Chromosomal abnormality in men with impaired spermatogenesis

Abstract

Background: Chromosomal abnormalities and Y chromosome microdeletions are regarded as two most frequent genetic causes associated with failure of spermatogenesis in the Caucasian population.

Materials and methods: To investigate the distribution of genetic defects in the Romanian population with azoospermia or severe oligozoospermia, karyotype analysis by G-banding was carried out in 850 idiopathic infertile men and in 49 fertile men with one or more children. Screening for microdeletions in the azoospermia factor (AZF) region of Y chromosome was performed by multiplex polymerase chain reaction (PCR) on a group of 67 patients with no detectable chromosomal abnormality. The results of the two groups were compared by a two-tailed Fisher's exact test.
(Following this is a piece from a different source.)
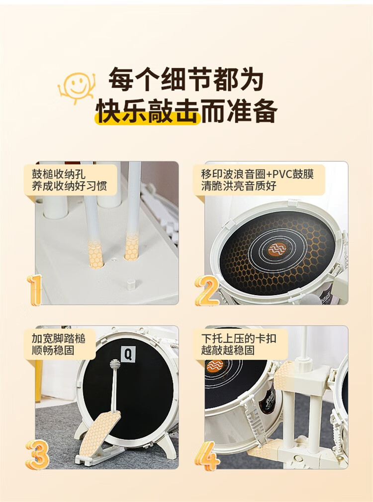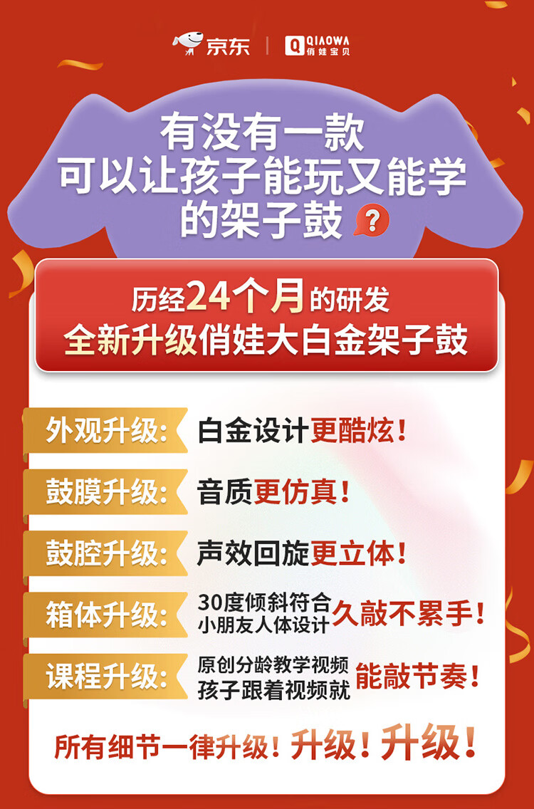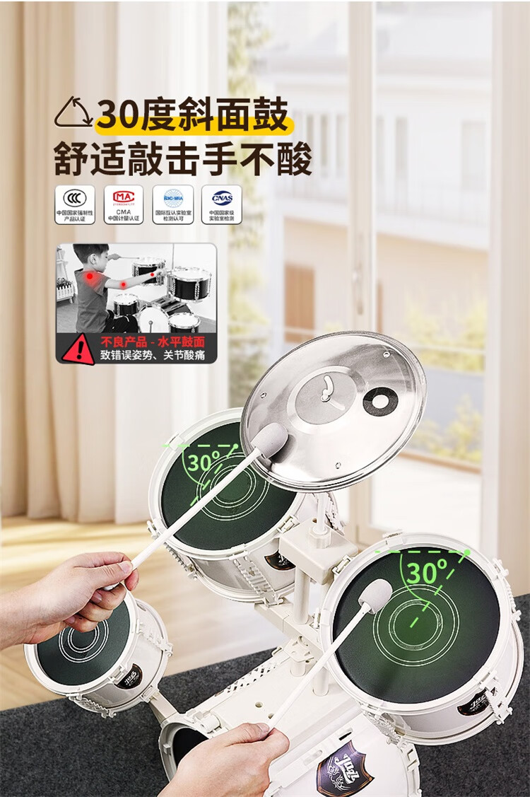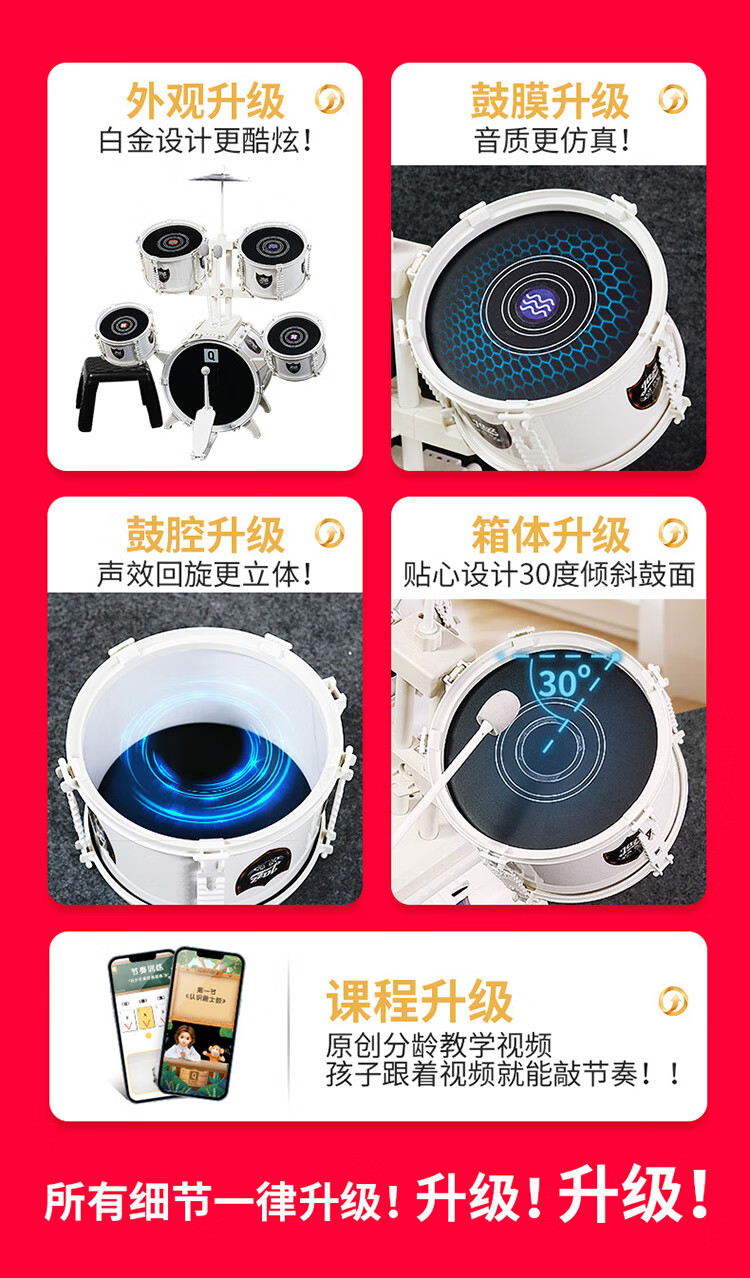 QIAO WA BAO BEI large platinum drum set children's toy for beginners 3-6 years old entry-level jazz drum drumming instrument birthday gift Christmas
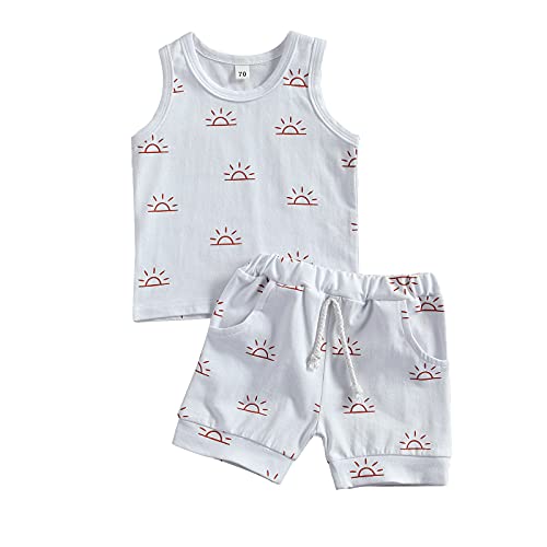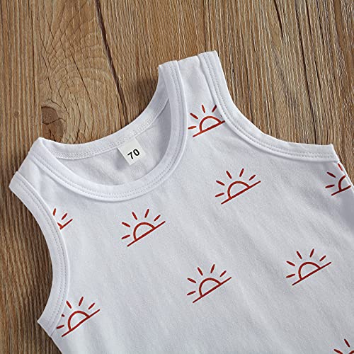 2 pezzi Set casual per neonato con stampa, motivo sole, canotta maniche + pantaloncini corti, vita elasticizzata, per bambini 0-3 anni, per estate bianco 0-6 mesi

Results: In our study chromosomal abnormalities were observed in 12.70% and 8.16% of infertile and fertile individuals respectively.

Conclusion: Our data suggests that infertile men with severe azoospermia have higher incidences of genetic defects than fertile men and also patients from any other group. Infertile men with normal sperm present a higher rate of polymorphic variants. It is important to know whether there is a genetic cause of male infertility before patients are subjected to intracytoplasmic sperm injection (ICSI) or testicular sperm extraction (TESE)/ICSI treatment.

Keywords: Azoospermia; Chromosomal Abnormality; Chromosome Microdeletion; Male Infertility; Oligozoospermia.

Fig 1

Isochomosom Y. Specific pattern of signals: an X chromosome specific signal (CEPX) and two signals characteristic of Y chromosome (SRY LSI). Result: 47,XYY. ish(CEPXx1) (SRYx2).